Ее удивило то, что движение вниз не прекратилось. Она продолжала погружаться сквозь лед, глубже и глубже. В замешательстве Вильгельмина представила, что под ней открылась расщелина, поглотила ее и теперь несет в ледяную пещеру, которая и станет ее могилой.
Ледяные стены скользили мимо, подталкивая ее, но почти не задевая сознания. И только когда ее бесчувственные ноги коснулись дна, на краткий миг вокруг резко потемнело, а затем она упала, ударившись так сильно, что пришла в себя.
Она приземлилась на камни и некоторое время лежала там, где упала. Любопытно, но здесь казалось теплее, и свет был ярче. Наверное, каждый замерзающий перед тем как впасть в окончательное беспамятство представлял себе тепло и свет… Но и то, и другое не исчезали, так что она просто полежала, отогреваясь. Лишь минуту спустя она сообразила, что солнечный свет, обжигающий кожу, не был галлюцинацией, вызванной умирающим мозгом.
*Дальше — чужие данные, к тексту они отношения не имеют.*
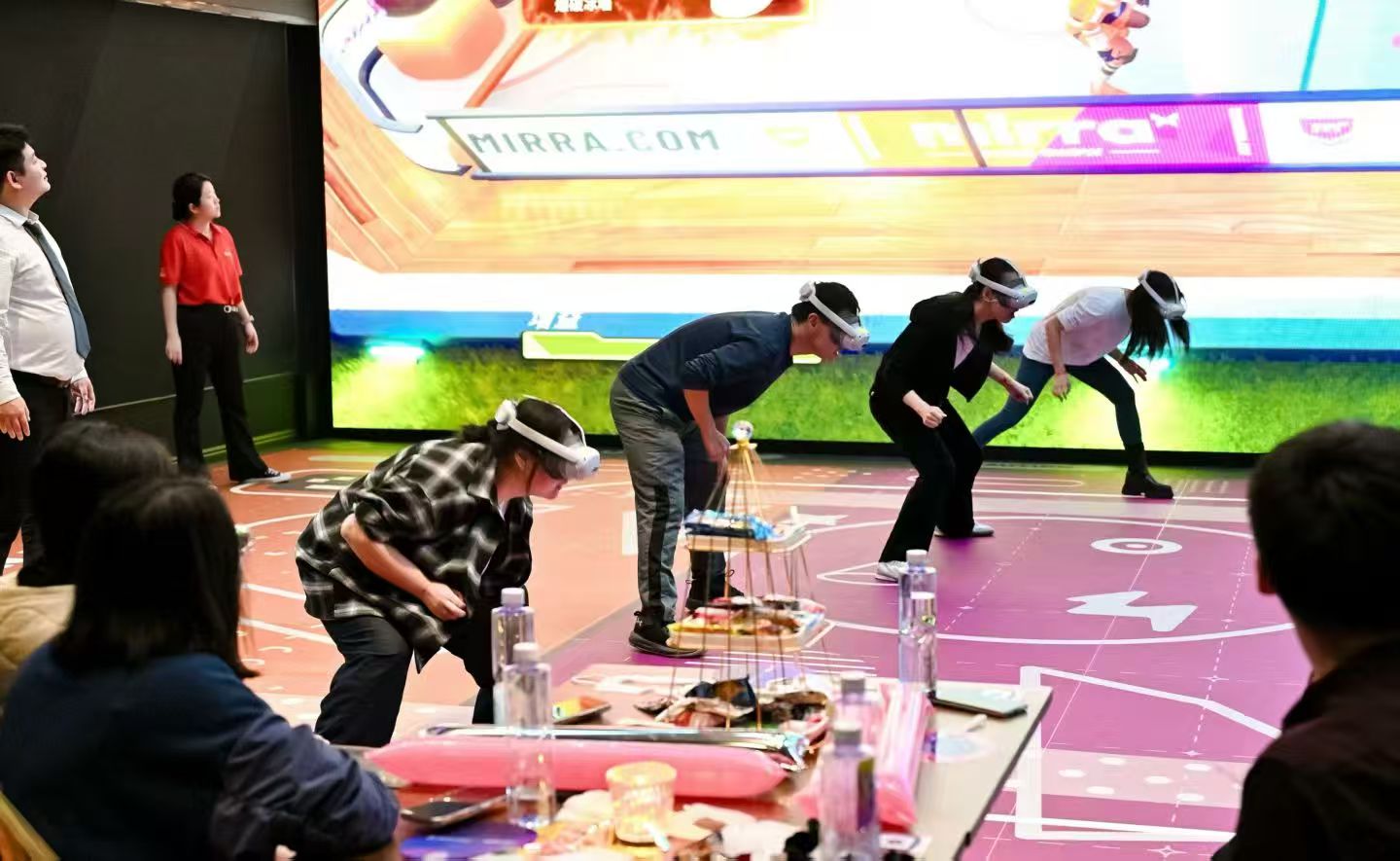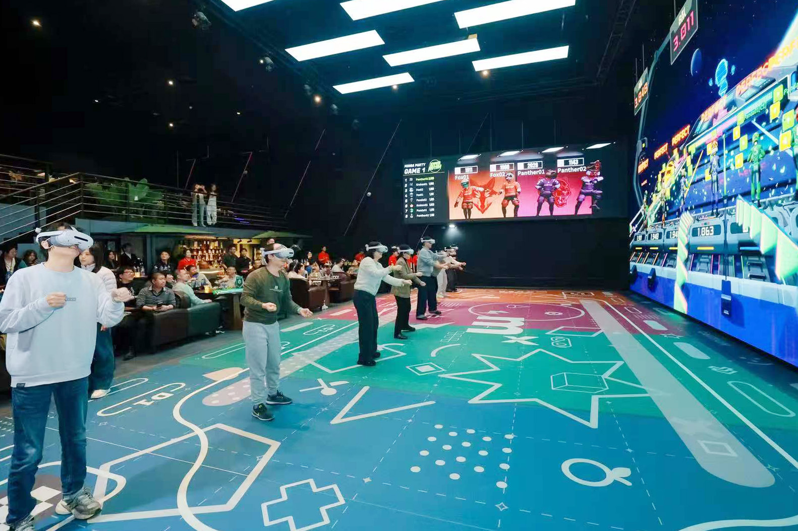 耀莱一号Mirra奇镜派对融合厅以“文化+科技”为内核,将科技与文化娱乐有机结合,打造“电影、游戏、演出、餐饮”为主要内容的多元社交空间。通过空间复用与多元业态为影院经营开辟新可能。空间中特别引入“Mirra奇镜派对”VR大屏互动游戏,以多源融合动作捕捉系统为核心,结合实时8K渲染与AI驱动的互动视觉生成技术,实现多人即时动态成像,为玩家带来电影级画质的沉浸体验,玩家可深度互动、同步竞技。

Тогда она открыла глаза. Перед ней тянулся знакомый двойной ряд сфинксов, стоявших вдоль аллеи с выщербленным каменным покрытием: Египет.
Шок быстро сменился волной облегчения. Она перевернулась на спину, посмотрела в яркое, пустое голубое небо и произнесла про себя: «я у Тебя в долгу. Не забуду».
Мина лежала до тех пор, пока, наконец, не почувствовала себя в силах встать и подумать, что делать дальше. До Нила было еще довольно далеко, между ними лежала пустыня. Однако, если повезет, она сможет добраться до деревушки на берегу реки уже к сумеркам. Она встала и, спотыкаясь, пошла по аллее. Когда она проходила мимо очередного присевшего на пьедестале сфинкса, ей в голову пришла идея: раз уж она в Египте, возможно, удастся найти Томаса Юнга. Он уже помогал ей раньше, а некоторая помощь ей сейчас очень не помешала бы.